Since EU Insolvency Regulations (EIR) does not apply to these cases, we need to look at other regulations to deal with these situations. Presently, insolvency-related domestic laws of each EU member state will apply to conduct the proceedings further. These change requires additional steps and formal applications to ensure that both countries are on the same page.

Here are a few things you should know:

Recognition of EU Insolvency Proceedings in the UK

The end of the transition period marks the beginning of cross-border insolvency post-Brexit. Any new EU insolvency proceedings seeking recognition and enforcement in the UK will have to adhere to British Cross-Border Insolvency Regulations. That includes adopting the United Nations Commission on International Trade Law (UNCITRAL) Model Law on Cross-Border Insolvency.

At present, only four out of twenty-seven EU member states have agreed to use the UNCITRAL Model Law. These members include Poland, Greece, Romania, and Slovenia. Their acceptance simplifies the rules surrounding recognition and enforcement of cross-border insolvency laws.

Before Brexit, these rules applied to all non-EU insolvency cases that originated outside the UK. The proceedings require a formal court application by foreign officeholders who deal with financial assets in the UK. The request gets thoroughly reviewed to evaluate the ‘insolvent’s main interests’.

After that, the court will provide relevant assistance to support the foreign officeholder. If the foreign insolvency proceedings get recognised as the primary proceeding, the English court will hold their civil proceedings against the debtor. In these situations, the English court grants complete authority to foreign officeholders. That means the insolvency practitioners can freely manage assets present in the UK unless stated otherwise.

Recognition of English Insolvency Proceedings in the EU

The European Regulation on Insolvency Proceedings (the EIR) no longer applies to the UK. That means the EU will not recognise any English insolvency proceedings by default. The UK officeholder must provide relevant evidence to support their case. 

There are multiple ways to acquire recognition:

  • The EU court can initiate a parallel proceeding to verify the evidence and facts of the case.
  • Or, the UK officeholder can send an official request to the EU court to recognise the cross-border insolvency proceedings taking place in their country. 
  • Other EU member states can adopt the UNCITRAL to streamline the process.

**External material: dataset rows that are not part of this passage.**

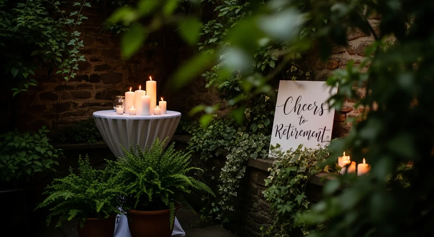 This setup feels like a deep breath to me. The mix of nature, candlelight, and clean styling makes it perfect for a meaningful retirement celebration. It feels calm and reflective in the best possible way.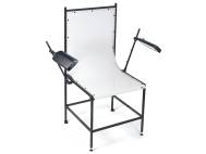 Vertical arms with height markings, tiltable with detents. Mounted with strong articulated joint bases.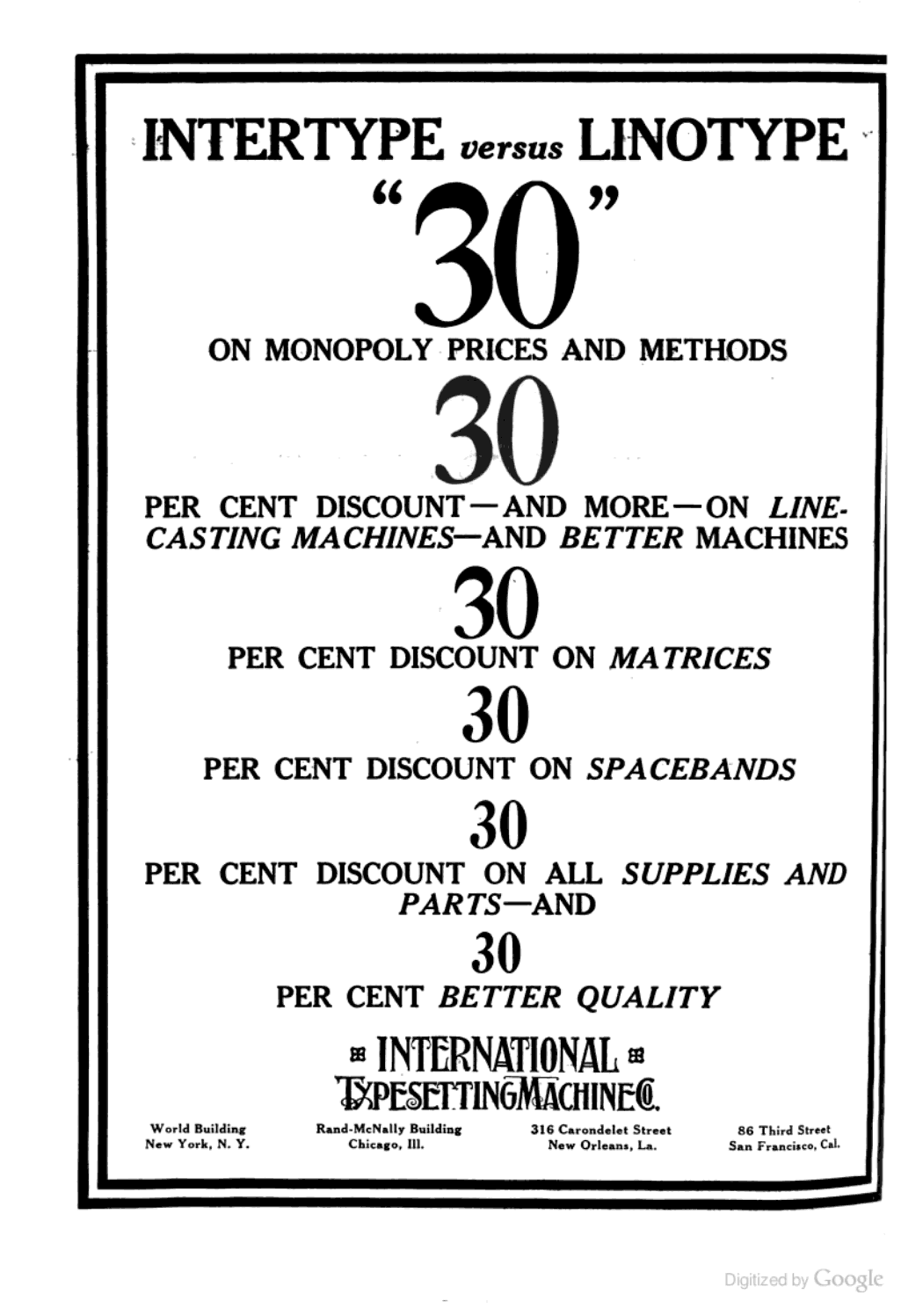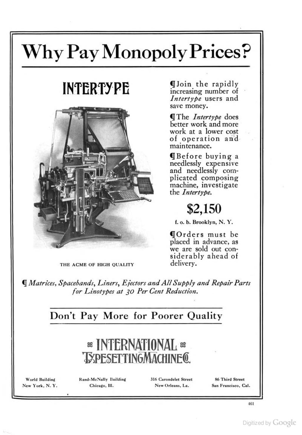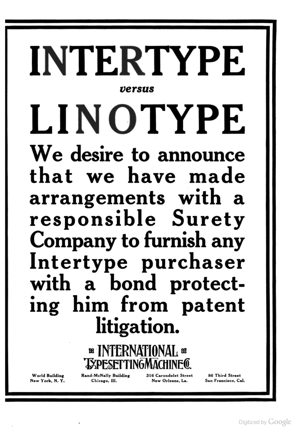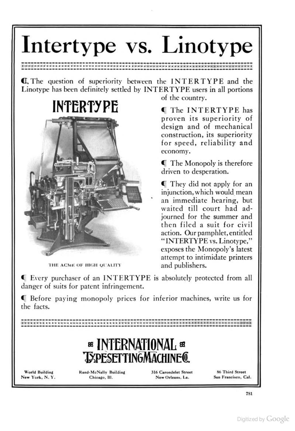 Intertype placed several brash advertisements in The Inland Printer during the trade magazine’s 1913 run. The first ad is a direct response to Linotype’s claim of patent infringement. In a slightly ironic twist, some of the ads (below) use the same typeface as Linotype’s ad, Caslon 3.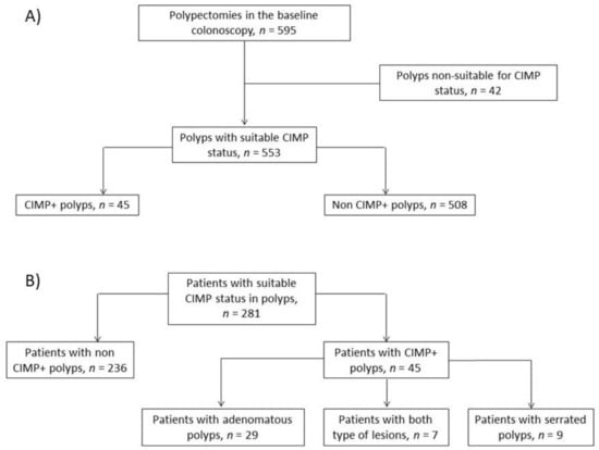 For comparative analyses, patients were classified according to their CIMP status at baseline colonoscopy. Additional analyses compared patients with adenomas or serrated lesions; these analyses excluded patients having both types of lesions. The chi-square test was used to compare these groups according to sex, presence of genetic alterations in the polyps, previous CRC, previous smoking, and other baseline categorical features. Variables with more than three categories were analyzed using an ANOVA test. Baseline age, polyp size, polyp number, and other quantitative variables were compared using the Student’s t-test, after applying Levene’s test for parametric variables, or the Mann–Whitney U test for non-parametric variables. We also used the same methods to compare polyps from the baseline colonoscopy in terms of several variables, according to CIMP status.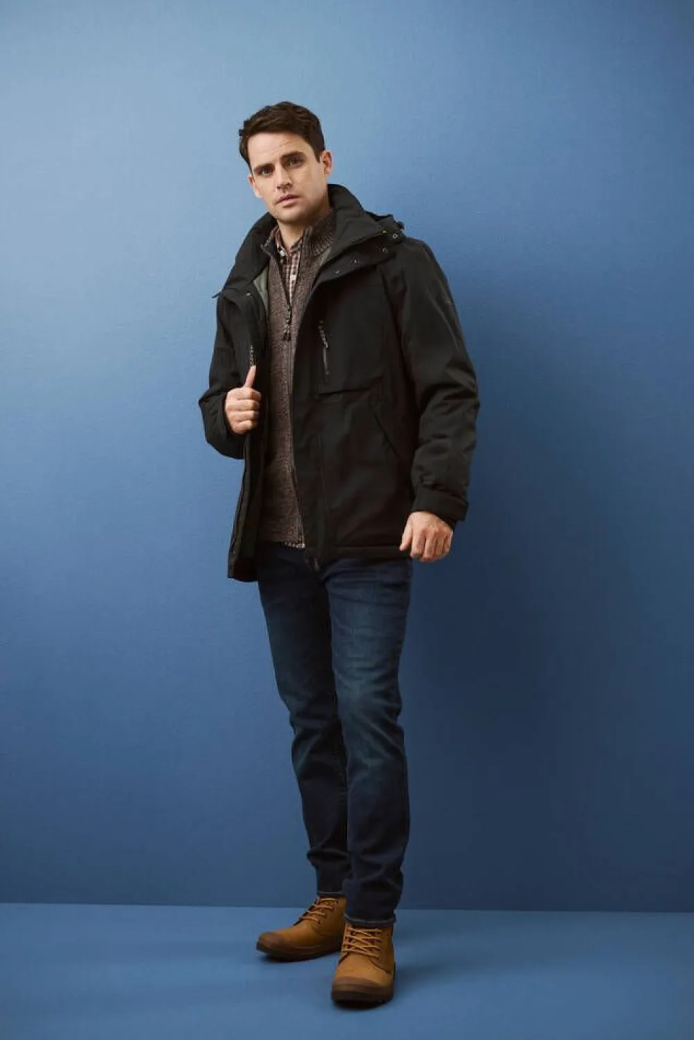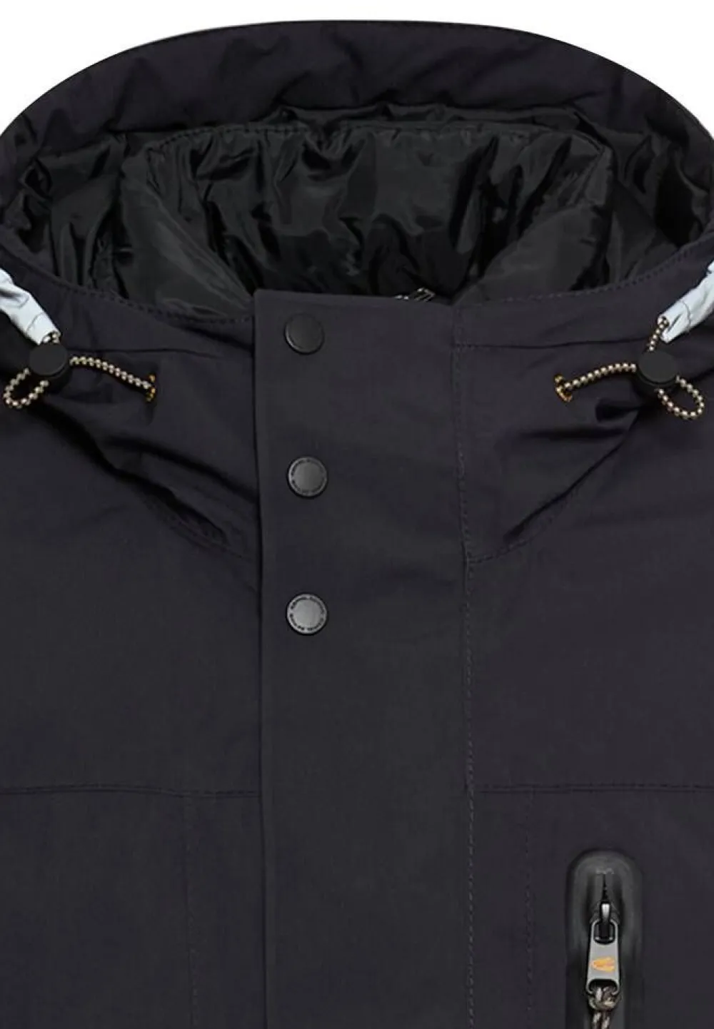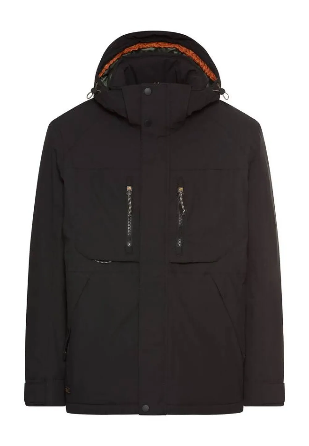 Klassinen lämmin takki vanutäytteellä ja hupulla, jossa on kiristysnyörit. Edessä vetoketju ja nepparikiinnitteinen…

The final decision depends on local authorities and laws surrounding insolvency in each EU member state. For instance, Belgium will give you a different verdict than Poland and vice versa.

What Next?

Cross-border insolvency proceedings presents several new challenges for practitioners. The lack of automatic recognition in EU states can inhibit the process. The presence of non-EU insolvency regulations that were used for other countries streamlines the process. These rules and the English court’s eagerness to assist distressed debtors can guarantee a fair resolution.

You can gain more clarity on the legal proceedings revolving cross-border insolvency post-Brexit with strategic alterations in your contracts and claims.